*** Opening of Extracted material ***

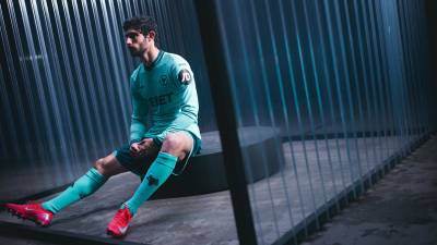 The full kit is completed with Dark Sea shorts and bright turquoise socks, which feature a black geometric wolf graphic on the shin and black detailing around the top.
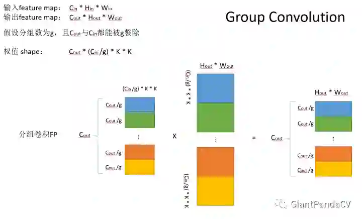 所以看上图,在把输入作im2col操作的时候也是按组来做的,每组 feature map 都会生成一个 的矩阵,然后与对应的权值做乘法,就是图中的相同颜色部分,每组做完乘法就得到了输出feature map,如果还有偏置则是最后再加上,所以分组卷积的运算量就可以求到的了。
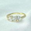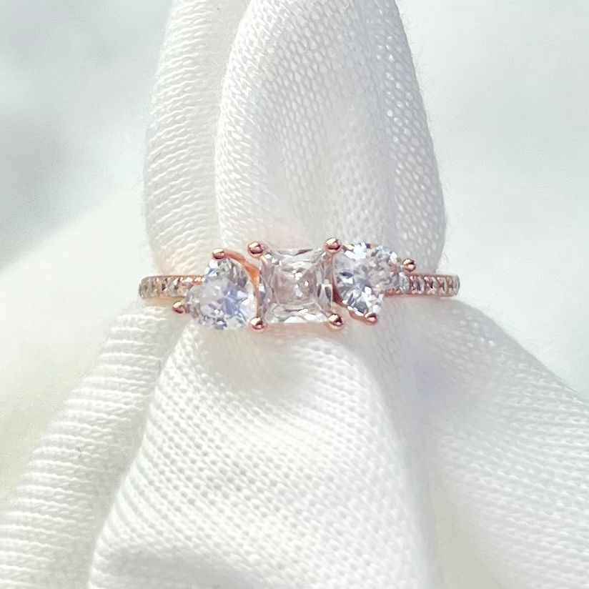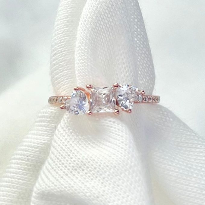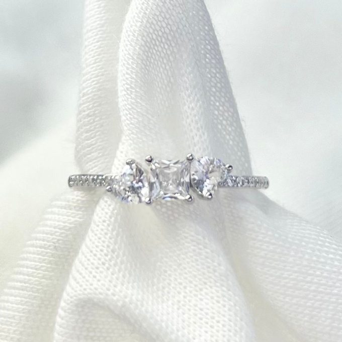 טבעת משובצת עם שילוב של שלושה אבנים באמצע מכסף אמיתי 925
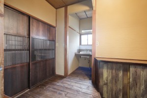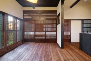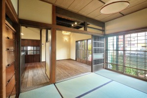 LDKと隣接する和室の境には、時代箪笥・建具の専門店「古福庵」の古建具を調整・加工して設置。
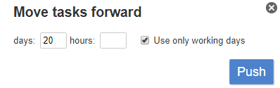 - Push Tasks: This feature allows you to select a set of tasks and postpone all of them while maintaining the same plan structure. For example, if a project is postponed for 20 days, we would only have to select all tasks related to the project and postpone them for 20 days.
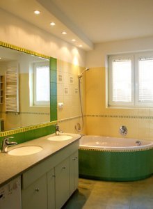 Czas relaksuStrefa wypoczynkowa łazienki powinna, aczkolwiek nie musi, odbiegać klimatem od części sanitarno-kąpielowej. Tutaj ustawiamy fotel, leżaki czy przyrządy gimnastyczne. Odrębność tego miejsca podkreślić mogą innego koloru i rozmiaru płytki, stylowe szafy, komódki do przechowywania przyborów toaletowych czy ręczników oraz odpowiednie oświetlenie. Stosując oprawy boczne i operując kolorami, osiągniemy pożądany nastrój. Należy w sposób przemyślany tak dobierać wyposażenie, aby jego kolor współgrał z powierzchnią ścian i podłóg.
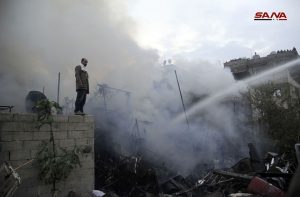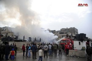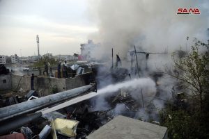 أخمد عناصر فوج اطفاء دمشق حريقا نشب فى منطقة الدويلعة بدمشق عصر اليوم وأدى إلى تصاعد دخان كثيف فوق المنطقة.
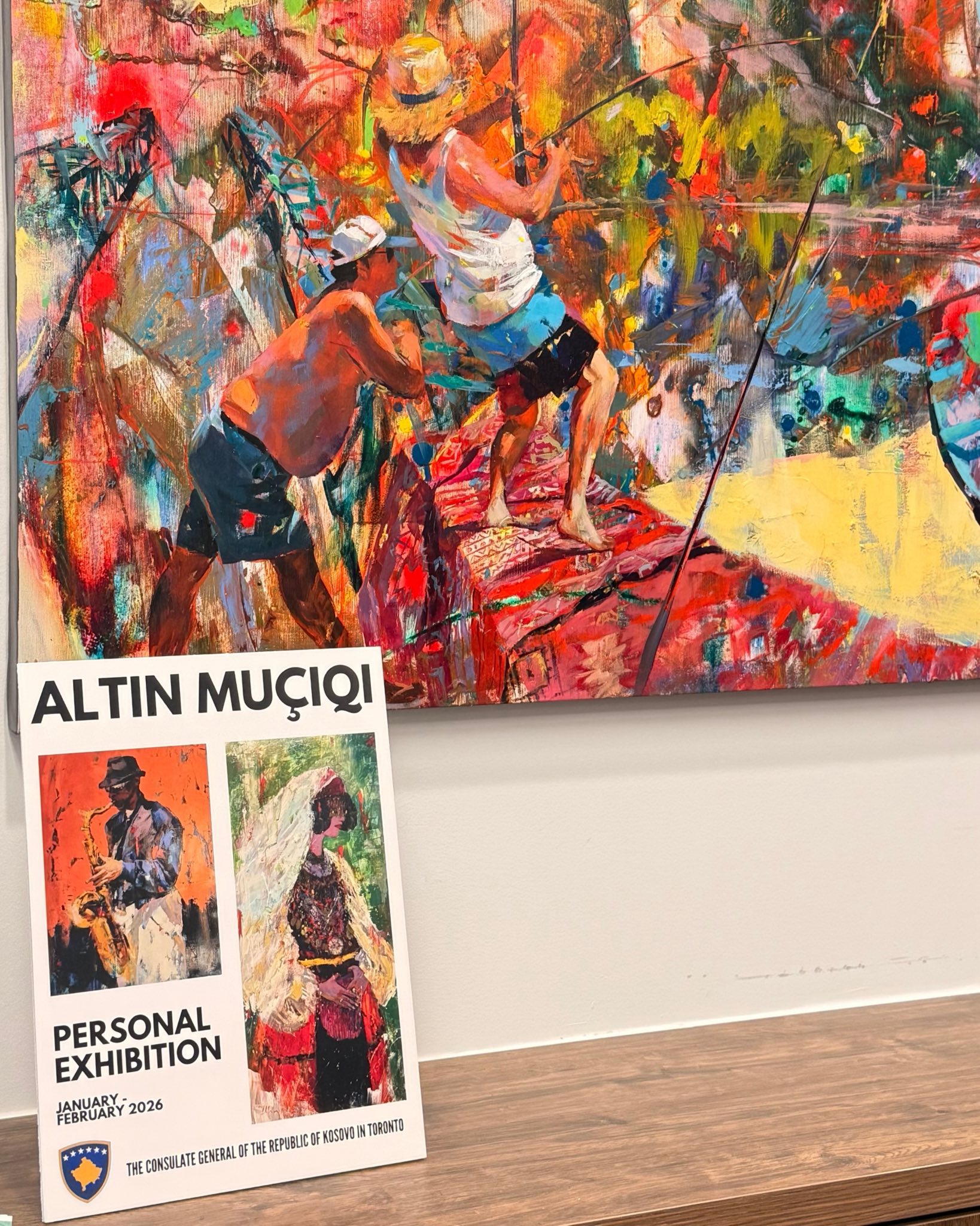 The event brought together art enthusiasts and members of the Albanian community to visit the solo exhibition of painter Altin Muciqi, where works created with a rich and vibrant color palette were presented, capturing the attention of the audience.
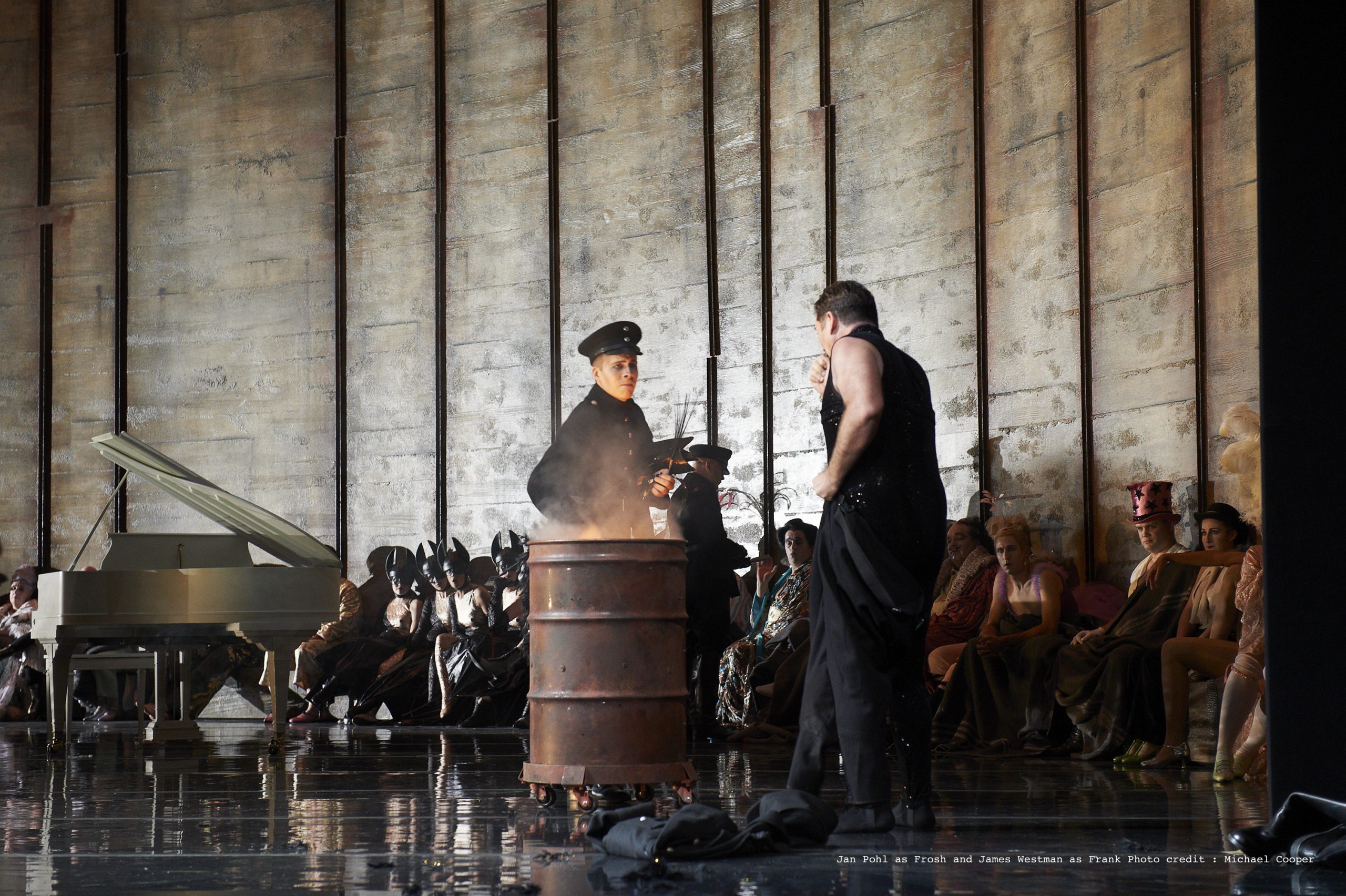 The psychology of Die Fledermaus comes under equal scrutiny on director Alden’s watch. Granted, the need to drink and carouse has always seemed positively compulsive in Strauss’s original characters. Naughty behaviour in general is utterly irresistible to them. Doubtless much of the obsessive merry-making is a reflection of Strauss’s age. In 1874, a stock market crash threw the Austrian economy into melt-down. Audiences were in no mood for more doom and gloom. Understandable and familiar in a twenty-first century context, but in this new Die Fledermaus, a Freudian pov trumps the historical. Dr. Falke becomes the literal cigar-smoking embodiment of the great Viennese pyscho-theorist. Id is everywhere. And libido. And the subconscious. Even hypnotism which fascinated the father of analysis. Eisenstein’s timepiece is a tool for mesmerization. With a snap of his fingers, Falke awakens Rosalinde from a romantic reverie. If only all of Alden’s conceits were as effective. Act II, the ball scene, is oddly unanimated despite cues to the contrary in libretto and score. Still, credit due. Alden’s vision is fascinating.
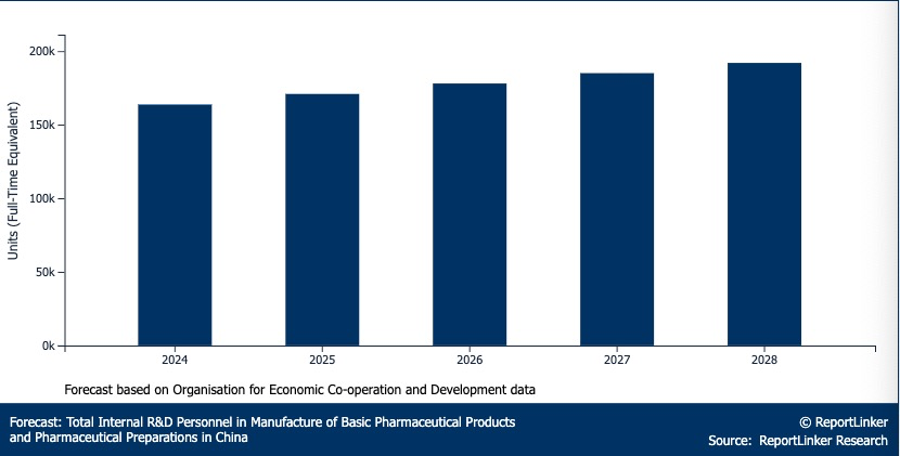 未来,中国医药行业内部研发人员数量将持续增长。根据ReportLinker网站的报告,从2024年的16.369万人,增加到2028年的19.194万人,年均复合增长率约4%。
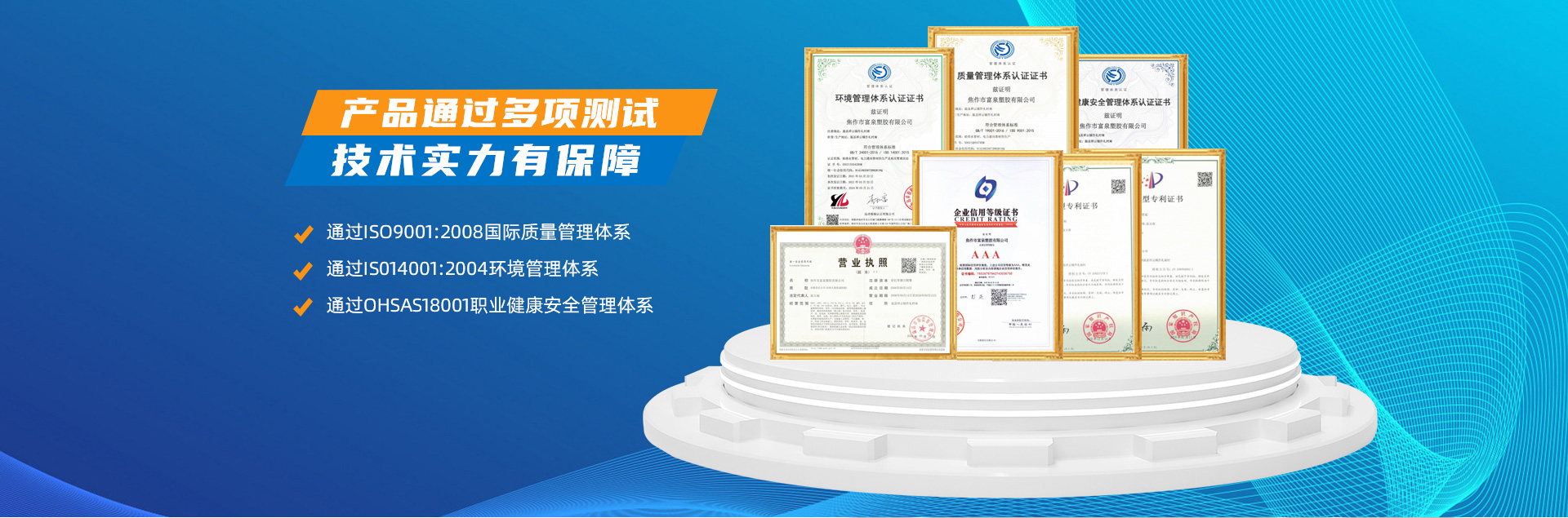 - 焦作市富泉塑膠有限公司,創(chuàng)立于1995年,是一家集研發(fā)、設計、生產、銷售為一體的大型管材企業(yè)。公司位于太極故里、黃河之濱一一河南焦作溫縣。公司占地128畝,現有職工210余人,其中具有中技術職稱的19人。生產、檢驗設備58臺(套),包括PVC實壁管生產線11套、PE實壁管生產線12套、HDPE雙壁波紋管生產線6套、PVC雙壁波紋管生產線5套,檢驗設備14臺(套)。主要產品有:Φ20mm-630mm、各種壓力規(guī)格的PVCU、PVC-M、PE給水管材,PVC-U節(jié)水灌溉管材,HDPE燃氣和礦用管材,DN200-800mm的HDPE、PVC雙壁波紋管及各種噴灌、滴灌工程材料。承接大中型市政供排水、飲水安全及節(jié)水灌溉等工程。 富泉塑膠公司重視產品的質量、安全、環(huán)保和節(jié)能,在同行業(yè)中率先完成了“新華節(jié)水產品認證”,全方面通過ISO9001:2008國際質量管理體系、IS014001:2004環(huán)境管理體系和OHSAS18001職業(yè)健康安全管理體系的一體化導入,并建立起規(guī)范的現代企業(yè)管理體系。公司以“質量”為先導,采用質量跟蹤、多環(huán)節(jié)把關的方法,組建具有行業(yè)水準的企業(yè)技術檢測中心,常年委托水利部節(jié)水灌溉設備檢測中心、河南省產品質量監(jiān)督檢驗院對產品跟蹤檢測,并由中國人民保險公司承保產品質量。公司連續(xù)多年被河南省水利廳確定為“安全飲水設備、節(jié)水灌溉設備”定點生產企業(yè),并獲得“中國名優(yōu)產品”“質量、服務、信譽AAA企業(yè)”“河南省**產品”“河南省水利企業(yè)”“河南省守合同、重信用企業(yè)”等榮譽稱號?! 「蝗苣z公司堅持“用戶為上”的服務理念,長期以來,全方面關注客戶價值,不斷提升服務水平。服務隊伍常年為客戶的產品設計、施工、安裝提供合理的方案和全程細致、周到、**、快捷的技術服務。公司自成立以來,一直堅持以人為本的宗旨,塑造企業(yè)形象,并致力于新產品的開發(fā),憑借雄厚的技術開發(fā)能力,先進的工藝制造流程,嚴格的質量管理保證體系,優(yōu)良的售后服務網絡,已成為河南省大的飲水、灌溉及排水管材設備制造商。產品暢銷全國,而且還以公司雄厚的綜合實力在業(yè)界中占據著重要的地位。

*** Close of Extracted material ***

- [Exercise brief] Restate the entries verbatim, without pictures.

- [Expected answer]
 The full kit is completed with Dark Sea shorts and bright turquoise socks, which feature a black geometric wolf graphic on the shin and black detailing around the top.
 所以看上图,在把输入作im2col操作的时候也是按组来做的,每组 feature map 都会生成一个 的矩阵,然后与对应的权值做乘法,就是图中的相同颜色部分,每组做完乘法就得到了输出feature map,如果还有偏置则是最后再加上,所以分组卷积的运算量就可以求到的了。
 טבעת משובצת עם שילוב של שלושה אבנים באמצע מכסף אמיתי 925
 LDKと隣接する和室の境には、時代箪笥・建具の専門店「古福庵」の古建具を調整・加工して設置。
 - Push Tasks: This feature allows you to select a set of tasks and postpone all of them while maintaining the same plan structure. For example, if a project is postponed for 20 days, we would only have to select all tasks related to the project and postpone them for 20 days.
 Czas relaksuStrefa wypoczynkowa łazienki powinna, aczkolwiek nie musi, odbiegać klimatem od części sanitarno-kąpielowej. Tutaj ustawiamy fotel, leżaki czy przyrządy gimnastyczne. Odrębność tego miejsca podkreślić mogą innego koloru i rozmiaru płytki, stylowe szafy, komódki do przechowywania przyborów toaletowych czy ręczników oraz odpowiednie oświetlenie. Stosując oprawy boczne i operując kolorami, osiągniemy pożądany nastrój. Należy w sposób przemyślany tak dobierać wyposażenie, aby jego kolor współgrał z powierzchnią ścian i podłóg.
 أخمد عناصر فوج اطفاء دمشق حريقا نشب فى منطقة الدويلعة بدمشق عصر اليوم وأدى إلى تصاعد دخان كثيف فوق المنطقة.
 The event brought together art enthusiasts and members of the Albanian community to visit the solo exhibition of painter Altin Muciqi, where works created with a rich and vibrant color palette were presented, capturing the attention of the audience.
 The psychology of Die Fledermaus comes under equal scrutiny on director Alden’s watch. Granted, the need to drink and carouse has always seemed positively compulsive in Strauss’s original characters. Naughty behaviour in general is utterly irresistible to them. Doubtless much of the obsessive merry-making is a reflection of Strauss’s age. In 1874, a stock market crash threw the Austrian economy into melt-down. Audiences were in no mood for more doom and gloom. Understandable and familiar in a twenty-first century context, but in this new Die Fledermaus, a Freudian pov trumps the historical. Dr. Falke becomes the literal cigar-smoking embodiment of the great Viennese pyscho-theorist. Id is everywhere. And libido. And the subconscious. Even hypnotism which fascinated the father of analysis. Eisenstein’s timepiece is a tool for mesmerization. With a snap of his fingers, Falke awakens Rosalinde from a romantic reverie. If only all of Alden’s conceits were as effective. Act II, the ball scene, is oddly unanimated despite cues to the contrary in libretto and score. Still, credit due. Alden’s vision is fascinating.
 未来,中国医药行业内部研发人员数量将持续增长。根据ReportLinker网站的报告,从2024年的16.369万人,增加到2028年的19.194万人,年均复合增长率约4%。
 - 焦作市富泉塑膠有限公司,創(chuàng)立于1995年,是一家集研發(fā)、設計、生產、銷售為一體的大型管材企業(yè)。公司位于太極故里、黃河之濱一一河南焦作溫縣。公司占地128畝,現有職工210余人,其中具有中技術職稱的19人。生產、檢驗設備58臺(套),包括PVC實壁管生產線11套、PE實壁管生產線12套、HDPE雙壁波紋管生產線6套、PVC雙壁波紋管生產線5套,檢驗設備14臺(套)。主要產品有:Φ20mm-630mm、各種壓力規(guī)格的PVCU、PVC-M、PE給水管材,PVC-U節(jié)水灌溉管材,HDPE燃氣和礦用管材,DN200-800mm的HDPE、PVC雙壁波紋管及各種噴灌、滴灌工程材料。承接大中型市政供排水、飲水安全及節(jié)水灌溉等工程。 富泉塑膠公司重視產品的質量、安全、環(huán)保和節(jié)能,在同行業(yè)中率先完成了“新華節(jié)水產品認證”,全方面通過ISO9001:2008國際質量管理體系、IS014001:2004環(huán)境管理體系和OHSAS18001職業(yè)健康安全管理體系的一體化導入,并建立起規(guī)范的現代企業(yè)管理體系。公司以“質量”為先導,采用質量跟蹤、多環(huán)節(jié)把關的方法,組建具有行業(yè)水準的企業(yè)技術檢測中心,常年委托水利部節(jié)水灌溉設備檢測中心、河南省產品質量監(jiān)督檢驗院對產品跟蹤檢測,并由中國人民保險公司承保產品質量。公司連續(xù)多年被河南省水利廳確定為“安全飲水設備、節(jié)水灌溉設備”定點生產企業(yè),并獲得“中國名優(yōu)產品”“質量、服務、信譽AAA企業(yè)”“河南省**產品”“河南省水利企業(yè)”“河南省守合同、重信用企業(yè)”等榮譽稱號?! 「蝗苣z公司堅持“用戶為上”的服務理念,長期以來,全方面關注客戶價值,不斷提升服務水平。服務隊伍常年為客戶的產品設計、施工、安裝提供合理的方案和全程細致、周到、**、快捷的技術服務。公司自成立以來,一直堅持以人為本的宗旨,塑造企業(yè)形象,并致力于新產品的開發(fā),憑借雄厚的技術開發(fā)能力,先進的工藝制造流程,嚴格的質量管理保證體系,優(yōu)良的售后服務網絡,已成為河南省大的飲水、灌溉及排水管材設備制造商。產品暢銷全國,而且還以公司雄厚的綜合實力在業(yè)界中占據著重要的地位。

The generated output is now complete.